The direct overlap between the faculty members’ research and the CUREs was likely a supporting factor for our high number of publications. Nearly all of the faculty publications and presentations involved student coauthors both before and after implementation of the CUREs (Table 3). This is likely reflective of the commitment of these faculty members, and Butler University as a whole, to promoting faculty–student research partnerships. Thus, implementation of our CUREs correlated not with an increase in the percentage in faculty publications involving students but with an enhancement of the overall research productivity of each faculty member. Moreover, between 50 and 100% (75% overall) of all faculty–student coauthored publications and between 17 and 94% (50% overall) of faculty–student coauthored presentations in the post-CURE period directly resulted from research related to work done in the CUREs (Table 3), suggesting that integration of faculty research into these courses had a direct and positive impact on faculty research productivity. This overlap of teaching and research matches with the synergism between teaching and research observed at other liberal arts institutions, reinforcing a major benefit identified by other CURE faculty from independent CUREs (Brownell and Kloser, 2015; Shortlidge et al., 2016). Such benefits require that faculty research be easily integrated in a CURE format, which was one impediment mentioned by other CURE faculty (Lopatto et al., 2014; Shortlidge et al., 2016). The success of CHEMBIO and BIOCHEM, in particular, in producing publication and presentation outcomes may be related to the direct overlap between scientific goals from the two courses in which intellectual and experimental continuity between these two courses amplified faculty benefits. Finally, in terms of student participation, each faculty member directly assimilated multiple students from one of the CUREs into his/her research lab and can attest to the increased intellectual and experimental preparation of the CURE students for this work.

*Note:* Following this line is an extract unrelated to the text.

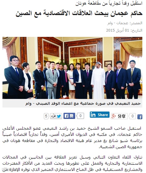 2015年3月31日,湖南省商务厅厅长徐湘平率领的湖南省代表团一行拜会了阿联酋最高委员会成员、阿治曼酋长国酋长谢赫.胡迈德.本.拉希德.纳伊米,就加强湖南省与阿治曼酋长国经贸合作交流及推进具体项目落实展开了深入交流。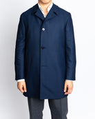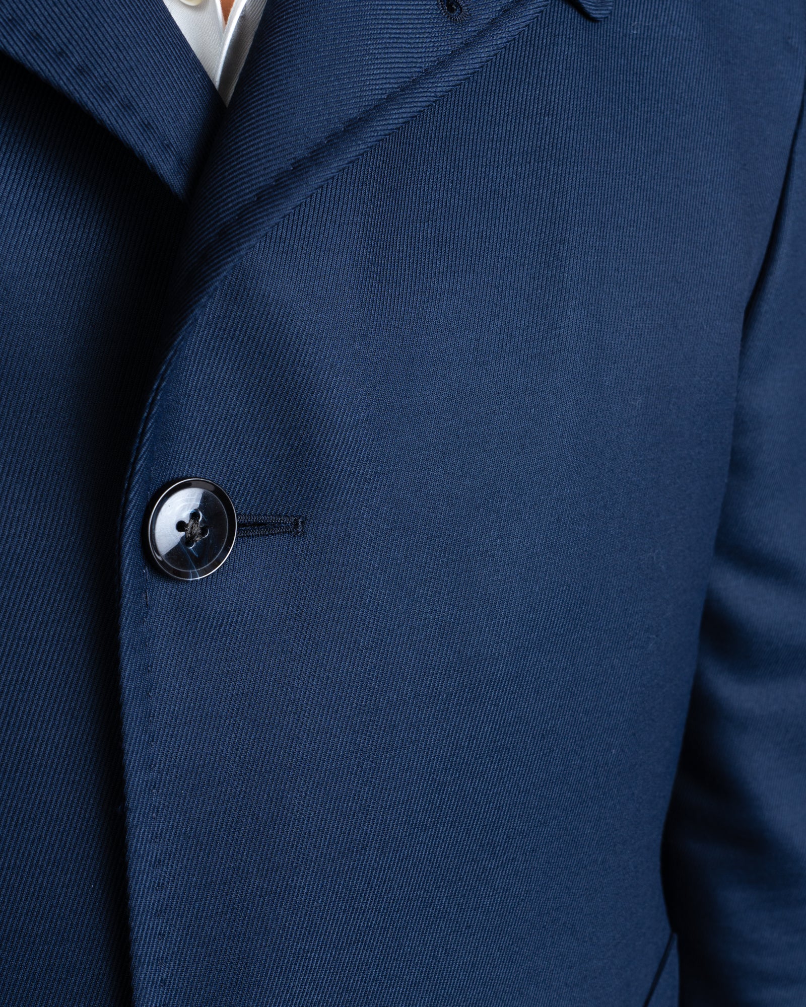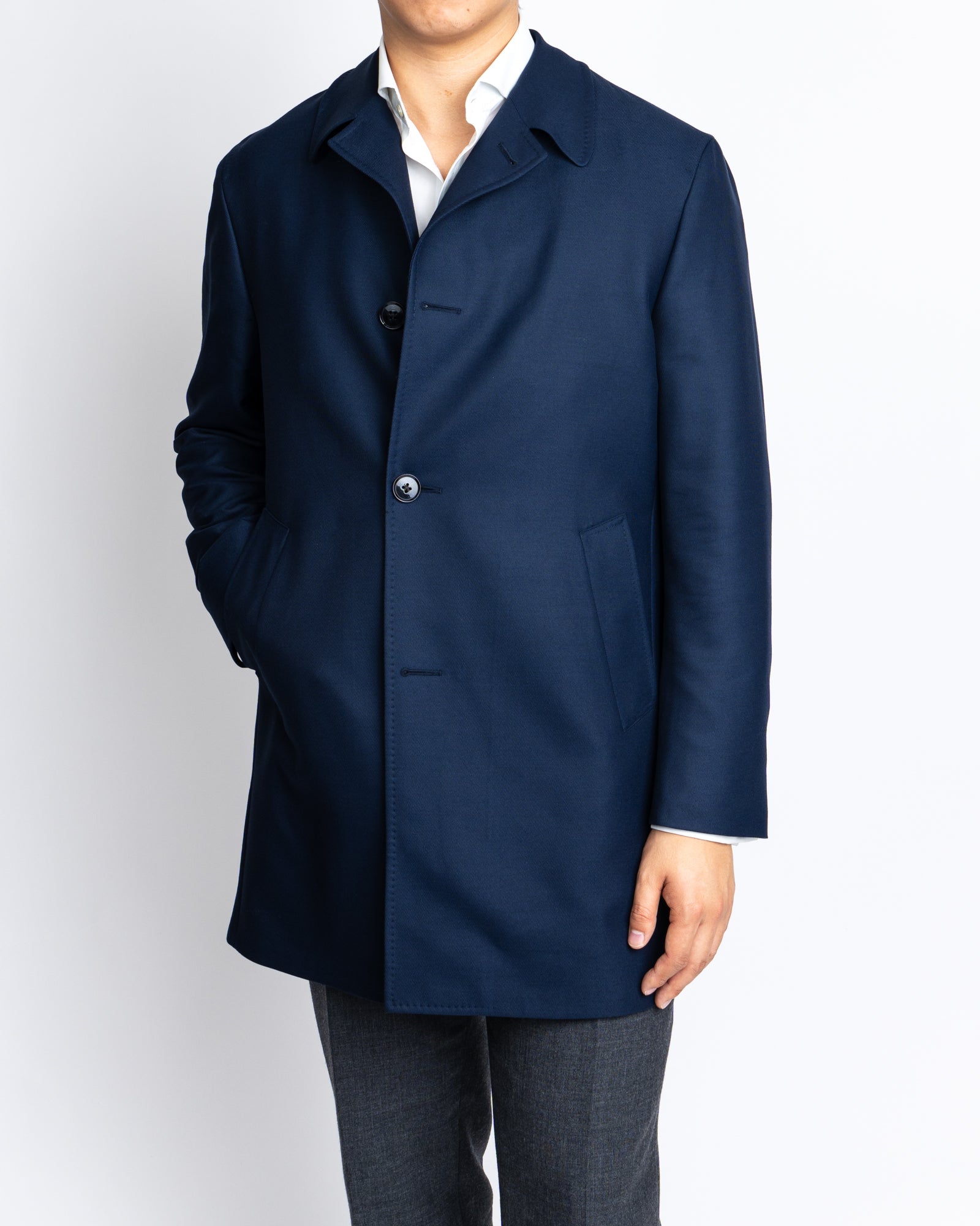 Navy Twill Loro Piana Storm System Single Breasted Navy Raincoat

Overall, from our experience as CURE faculty, this teaching and learning model was beneficial for both student learning and engagement, as well as for the productivity of faculty with significant commitments to both teaching and research (Shortlidge et al., 2016). Major indirect benefits of the CUREs for faculty have been the development of new research directions and self-continuation of the research courses through preliminary data from students’ independent projects, illustrating broadened faculty research interests and directions from CURE participation (Shortlidge et al., 2016). These findings lend credence to the suggestions made in several recent reports that incorporation of faculty research into classroom laboratories may help overcome the limits of time and institutional support for faculty balancing significant research and teaching duties (Darden, 2003; Kloser et al., 2011; Miller et al., 2013; Lopatto et al., 2014). Much like the benefits ascribed to a strong central support system for implementation of multi-institution CUREs (Lopatto et al., 2014), our experiences with three collaboratively designed CUREs promoted shared research and pedagogical resources that eased the burden on individual faculty members running each course. These benefits also match with the reimagining of teaching and research proposed by Boyer (1990), so that teaching is not merely a teaching load but rather an integrative mixture of teaching and research that fuels ongoing advancement in teaching and research. Further, the benefits of our collaborative CUREs extend beyond the context of these courses, as we have experienced overall increased interdepartmental collaboration, perhaps the best example of which is the plan currently underway for shared interdepartmental molecular life science research and teaching space in our institution’s new science facility. We anticipate additional collaborations in teaching and research will result from our future proximity and shared interests. Additionally, as a result of the success of our efforts to incorporate independent research projects in our collaborative CUREs and the growing interest of other faculty in developing research-based lab courses, the Department of Biological Sciences recently adopted a policy in which upper-division lab courses will incorporate some independent project work.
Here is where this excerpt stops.